== Task objective ==
Return the full set of entries below exactly, leaving every image out.

== Available data ==

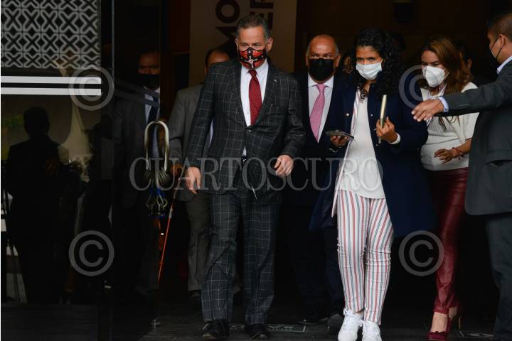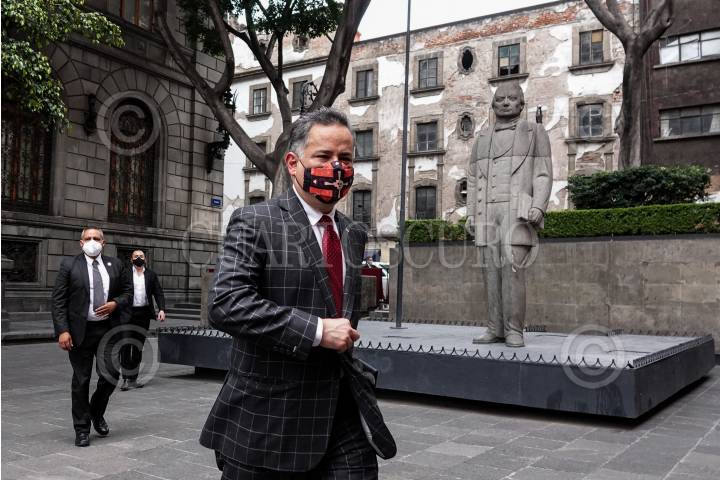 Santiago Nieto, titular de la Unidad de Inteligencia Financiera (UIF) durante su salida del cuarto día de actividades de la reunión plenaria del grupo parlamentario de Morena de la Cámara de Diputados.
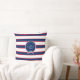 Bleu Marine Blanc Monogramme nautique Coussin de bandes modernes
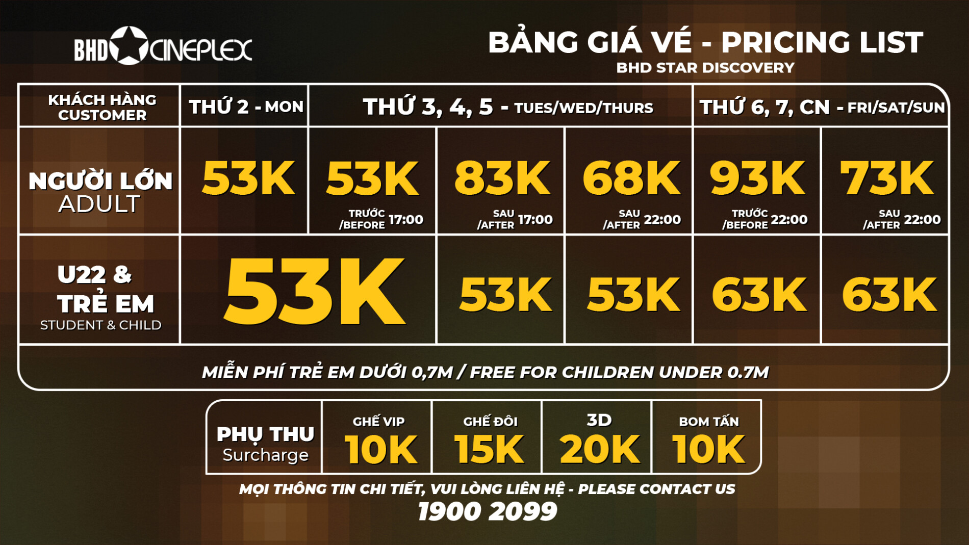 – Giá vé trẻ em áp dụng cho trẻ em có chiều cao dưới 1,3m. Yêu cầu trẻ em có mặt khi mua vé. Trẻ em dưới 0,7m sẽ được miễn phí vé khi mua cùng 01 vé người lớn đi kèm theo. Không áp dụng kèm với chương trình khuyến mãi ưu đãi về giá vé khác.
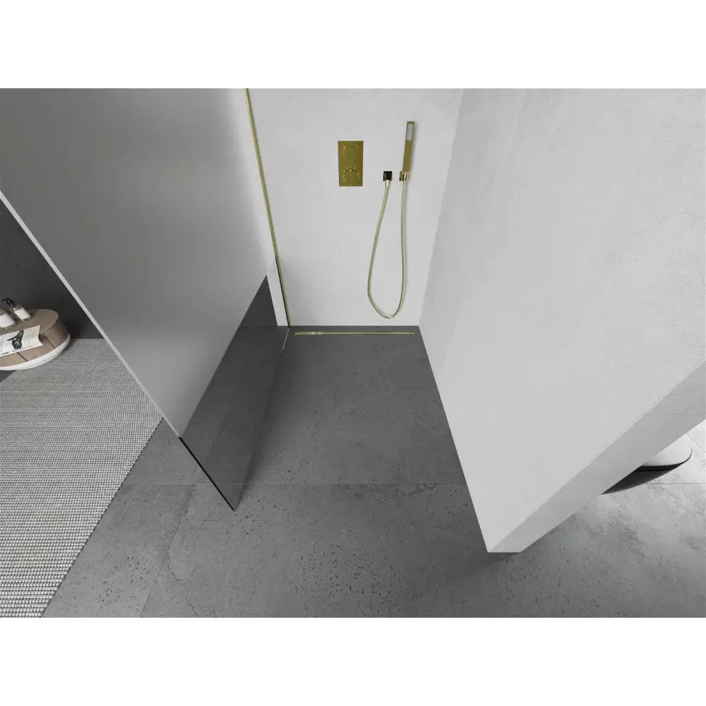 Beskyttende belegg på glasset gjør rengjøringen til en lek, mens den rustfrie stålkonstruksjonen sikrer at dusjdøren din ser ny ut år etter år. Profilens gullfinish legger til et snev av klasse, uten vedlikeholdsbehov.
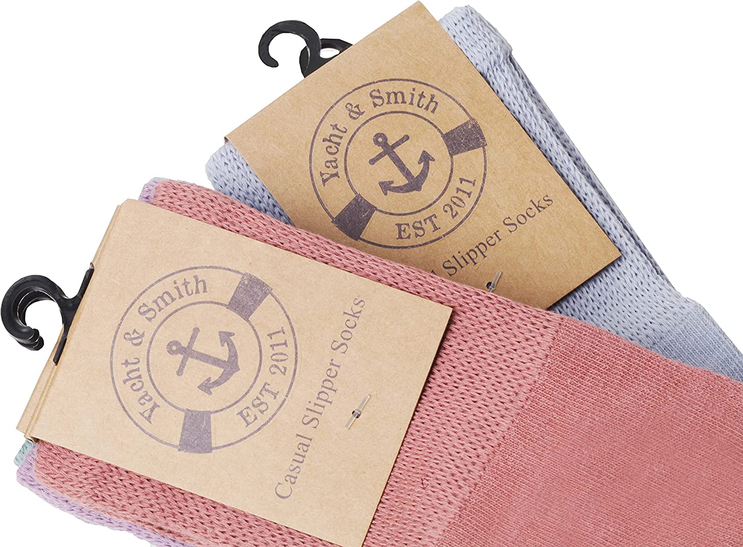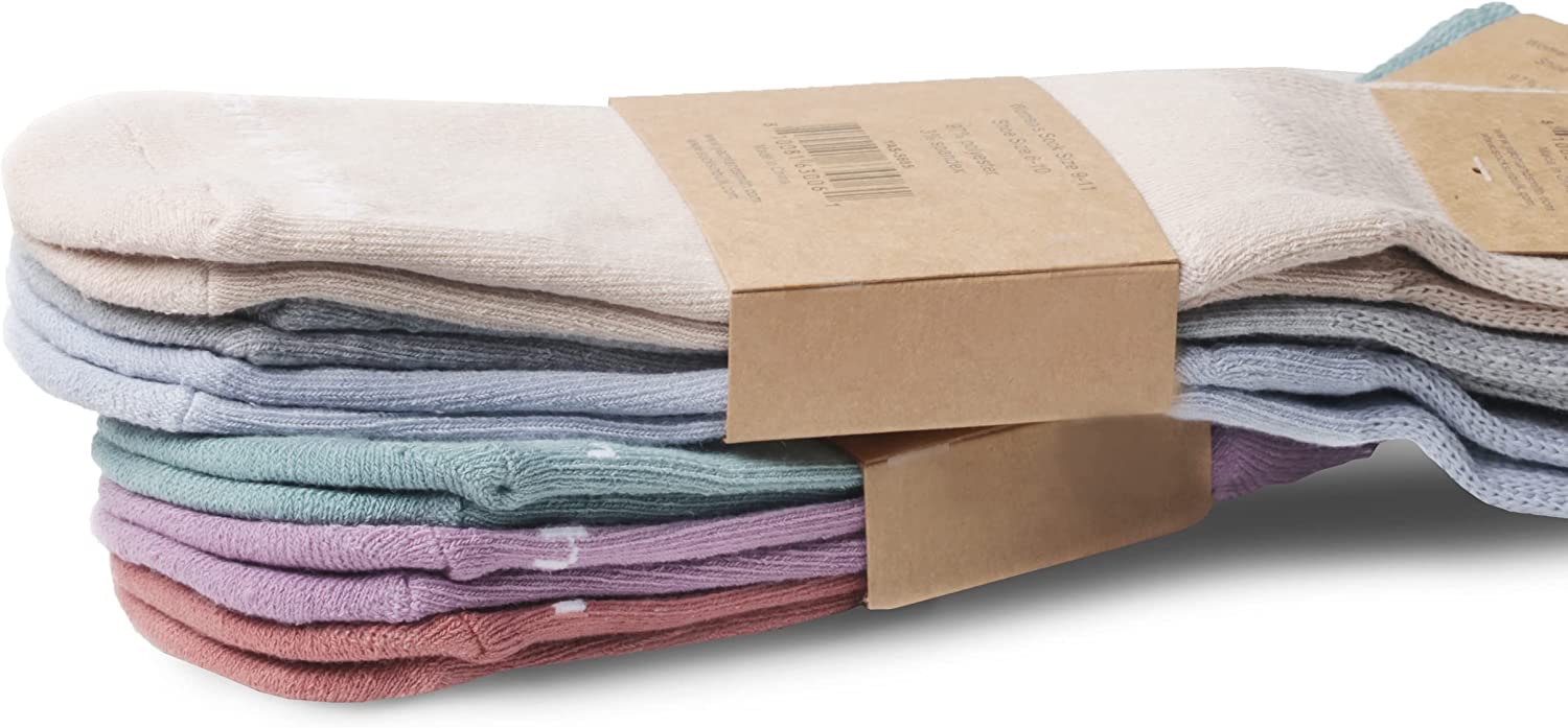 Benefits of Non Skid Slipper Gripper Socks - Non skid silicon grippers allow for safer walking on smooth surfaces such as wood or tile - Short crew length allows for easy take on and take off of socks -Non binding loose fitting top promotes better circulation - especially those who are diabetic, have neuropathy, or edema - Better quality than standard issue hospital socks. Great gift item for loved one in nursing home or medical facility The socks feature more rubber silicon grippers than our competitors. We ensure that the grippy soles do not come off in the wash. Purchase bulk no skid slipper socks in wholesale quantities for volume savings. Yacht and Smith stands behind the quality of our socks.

== Exercise response ==
 Santiago Nieto, titular de la Unidad de Inteligencia Financiera (UIF) durante su salida del cuarto día de actividades de la reunión plenaria del grupo parlamentario de Morena de la Cámara de Diputados.
 Bleu Marine Blanc Monogramme nautique Coussin de bandes modernes
 – Giá vé trẻ em áp dụng cho trẻ em có chiều cao dưới 1,3m. Yêu cầu trẻ em có mặt khi mua vé. Trẻ em dưới 0,7m sẽ được miễn phí vé khi mua cùng 01 vé người lớn đi kèm theo. Không áp dụng kèm với chương trình khuyến mãi ưu đãi về giá vé khác.
 Beskyttende belegg på glasset gjør rengjøringen til en lek, mens den rustfrie stålkonstruksjonen sikrer at dusjdøren din ser ny ut år etter år. Profilens gullfinish legger til et snev av klasse, uten vedlikeholdsbehov.
 Benefits of Non Skid Slipper Gripper Socks - Non skid silicon grippers allow for safer walking on smooth surfaces such as wood or tile - Short crew length allows for easy take on and take off of socks -Non binding loose fitting top promotes better circulation - especially those who are diabetic, have neuropathy, or edema - Better quality than standard issue hospital socks. Great gift item for loved one in nursing home or medical facility The socks feature more rubber silicon grippers than our competitors. We ensure that the grippy soles do not come off in the wash. Purchase bulk no skid slipper socks in wholesale quantities for volume savings. Yacht and Smith stands behind the quality of our socks.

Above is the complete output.